The DevOps movement began around 2007 when the software development and IT operations communities raised concerns about the traditional software development model, where developers who wrote code worked apart from operations who deployed and supported the code.  

The term DevOps, a combination of the word’s development and operations, reflects the process of integrating these disciplines into one, continuous process. And since the world is quickly progressing toward digitalization, the rapid adoption of applications and software technology has created a need for security.  

At BugRaptors, we have been actively involved in integrating security testing services as a part of the quality assurance process. And therefore, this blog will highlight the idea of using DevOps for enhanced application security. Besides, we will underline how DevOps works, the lifecycle and DevOps Security best practices. 

Let’s begin! 

How does DevOps work? 

A DevOps team includes developers and IT operations working collaboratively throughout the product lifecycle, in order to increase the speed and quality of software deployment. It’s a new way of working, a cultural shift, that has significant implications for teams and the organizations they work for. 

Under a DevOps model, development and operations teams are no longer “siloed.” Sometimes, these two teams merge into a single team where the engineers work across the entire application lifecycle — from development and test to deployment and operations — and have a range of multidisciplinary skills. 

The DevOps lifecycle 

Because of the continuous nature of DevOps, practitioners use the infinity loop to show how the phases of the DevOps lifecycle relate to each other. Despite appearing to flow sequentially, the loop symbolizes the need for constant collaboration and iterative improvement throughout the entire lifecycle. 

DevOps Security 

DevOps Security or DevSecOps is a set of practices, cultural approaches and tools that bring together software development (Dev), IT operations (Ops) and security (Sec) to increase an organization’s ability to deliver applications and services at high velocity, securely. 

With DevOps approaches and methodologies, new application functionality can be delivered more rapidly and frequently updated with incremental updates. The entire build and delivery processes for applications are typically highly automated, and applications typically comprise multiple microservices and are often deployed in containerized and cloud environments. 

DevOps together with cloud-based elastic infrastructure accommodate surges in demand through auto-scaling processes that spin up new computing resources (virtual machines or containers) and deploy more instances of an application as required. Enabling organizations to rapidly respond to changes in demand while only paying for the computing resources consumed provides immense business value. 

Need to advance your DevOps security in 2022? 

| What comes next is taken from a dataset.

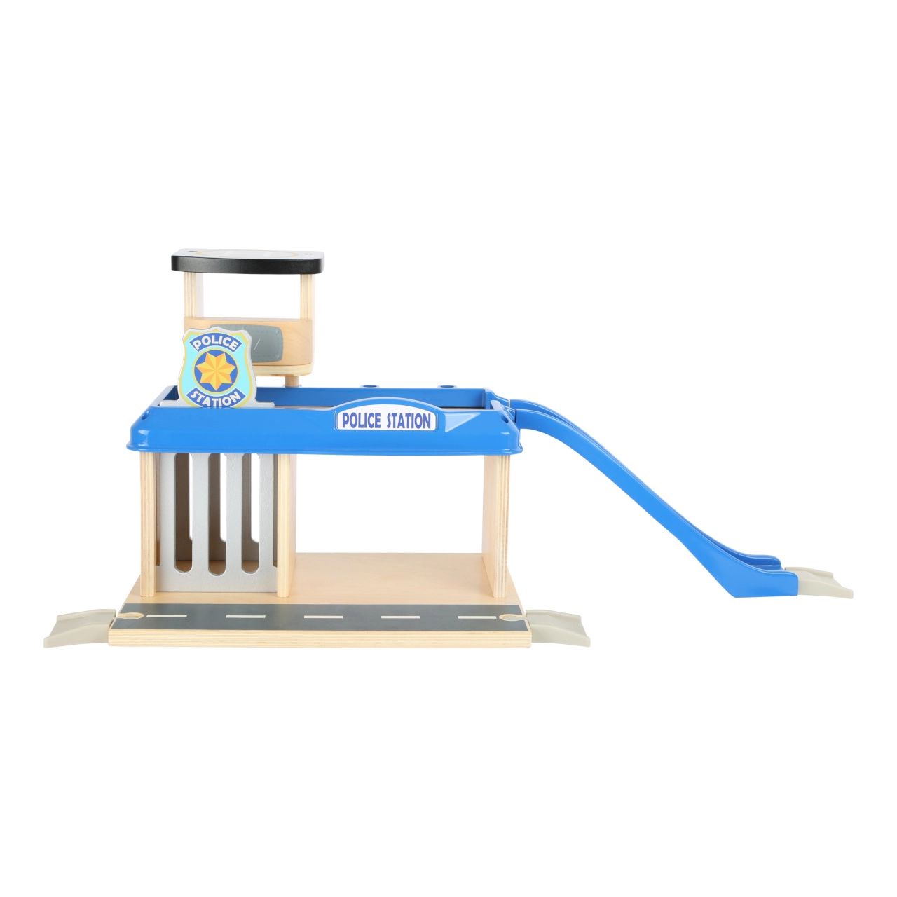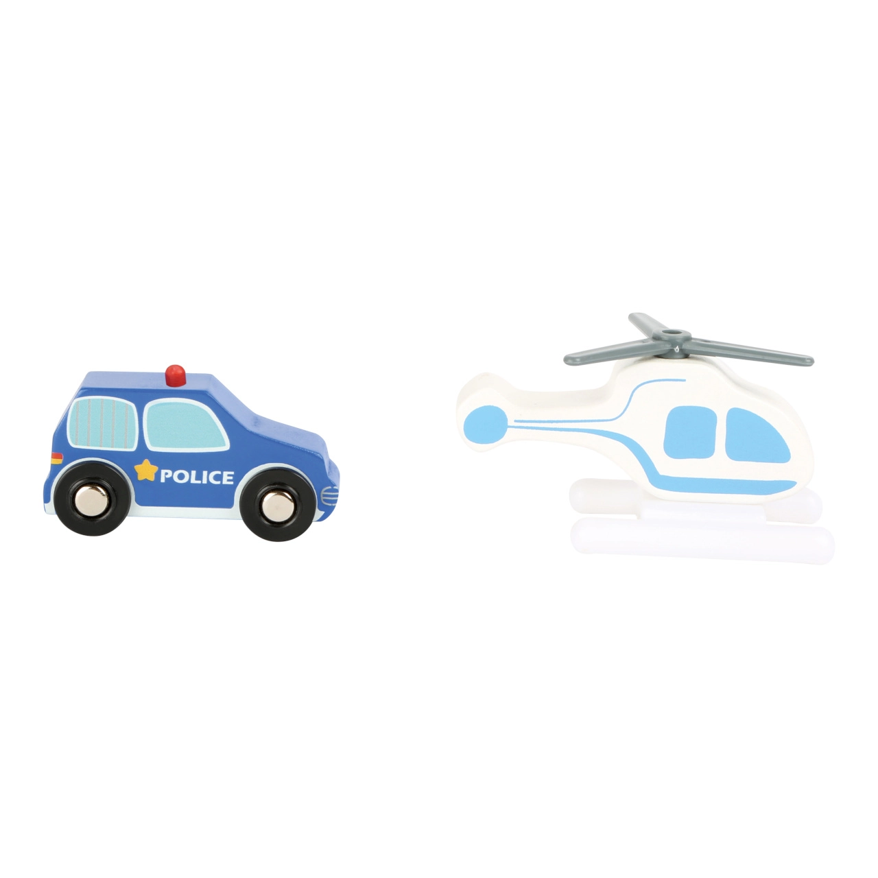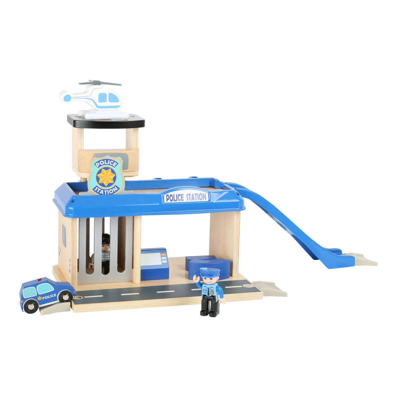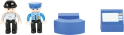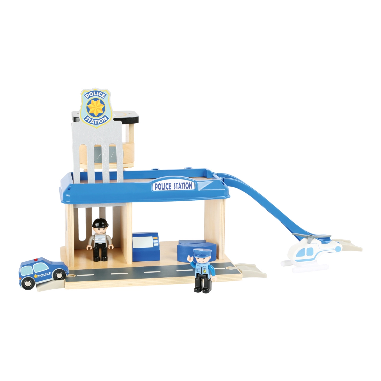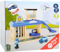 Padovanokite vaikams veiksmo istorijų pasaulį su šia small foot policijos stotimi iš 100 % FSC® medienos. Dviejų aukštų stotis su bokštu ir sraigtasparnių aikštele, kamera su ištraukiamomis grotomis ir įvažiavimo rampa pateikiama su gausiais priedais: policijos automobiliu, sraigtasparniu ir dviem figūrėlėmis. Tvirta medienos ir aukštos kokybės plastiko kombinacija užtikrina patvarumą ir ilgą tarnavimo laiką, be to, rinkinys suderinamas su kitų gamintojų geležinkelio trasomis.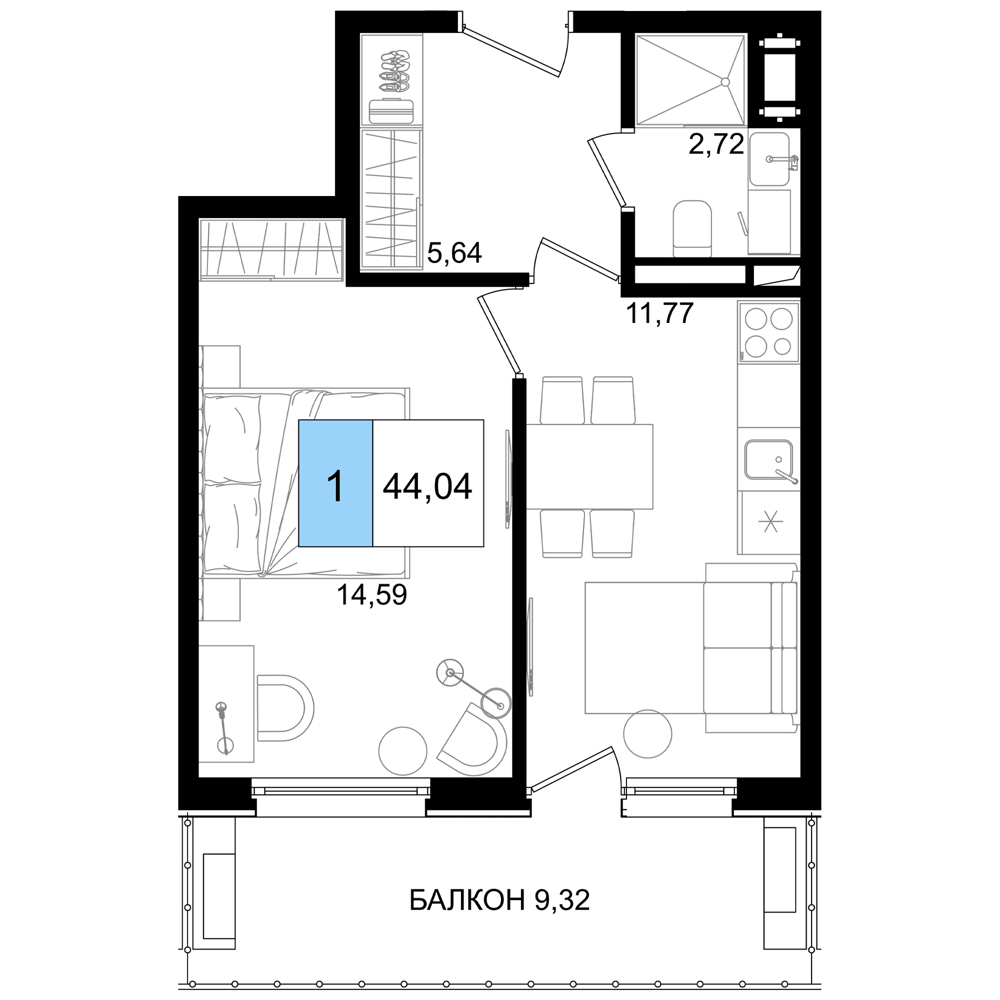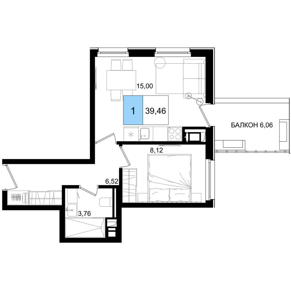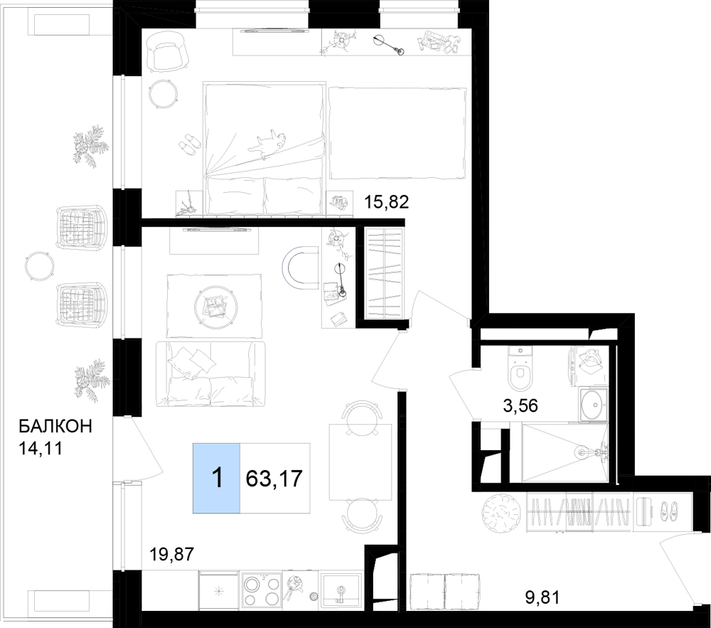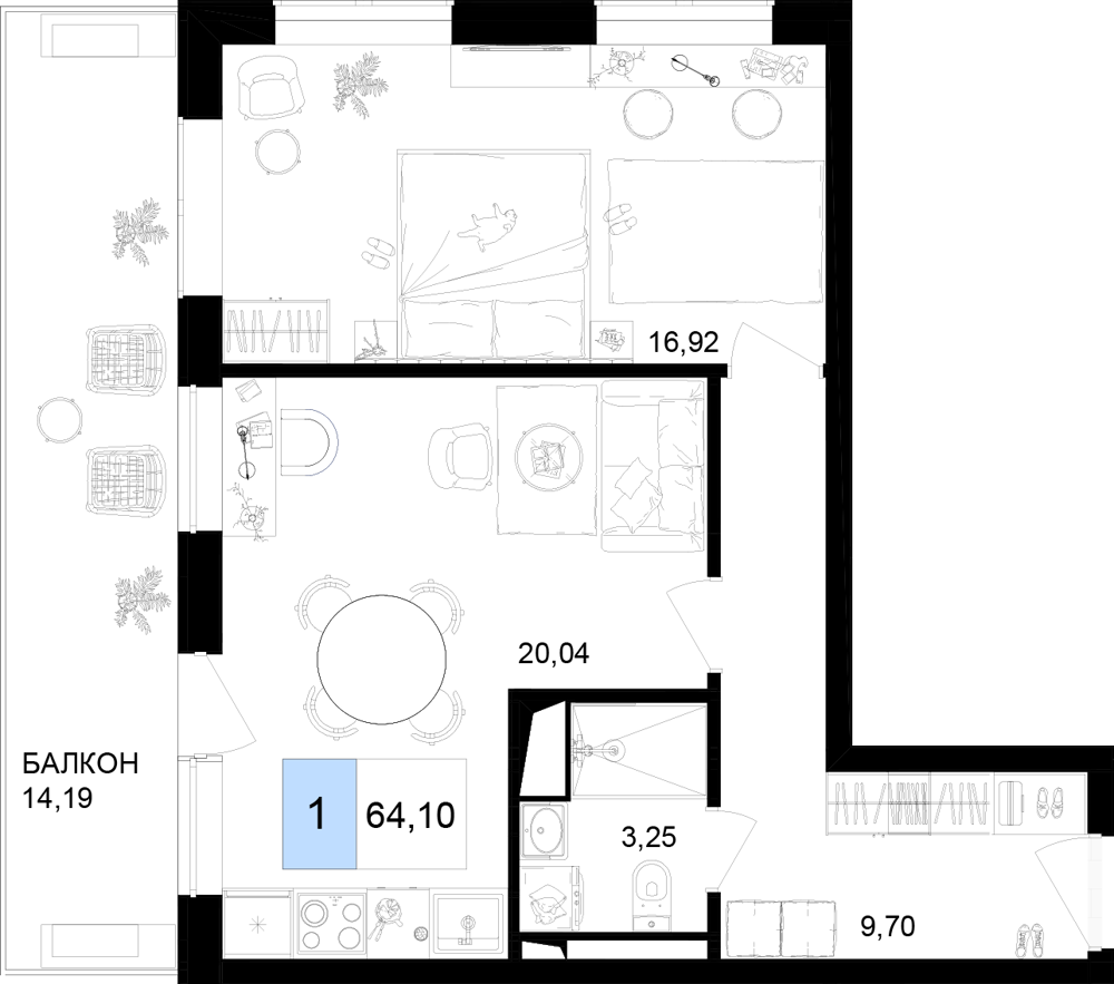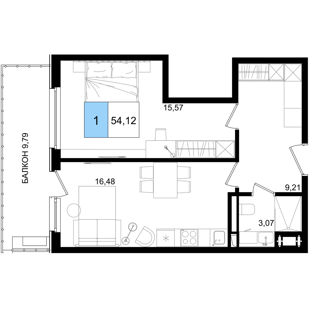 - Однокомнатные номера: Просторные варианты с отдельной спальней и угловой кухней-гостиной.

Read our blog: Redefining DevOps: Security as A Point of View

However, while offering tremendous business benefits, ensuring the security of applications becomes more challenging and often more critical. For example, consider the increased levels of automated processes, building and running applications fragmented into micro-services (or containers) that need to communicate with each other, as well as the use of diverse tool sets, including code repositories. To build the applications. The result is that there are far more services, applications, and tools that need protection in DevOps environments than in traditional development environments. 

DevOps Security Best Practices 

Embrace A DevSecOps Model 

When DevOps and security teams are misaligned, the fallout can include insecure code, vulnerabilities, misconfigurations, unsecured hardcoded passwords, and application security weaknesses that cause operational dysfunction or are easy targets for attackers. When security is built into every fabric of the DevOps lifecycle and culture (from inception, design, build, test, release, support, and maintenance) it is often referred to as DevSecOps. 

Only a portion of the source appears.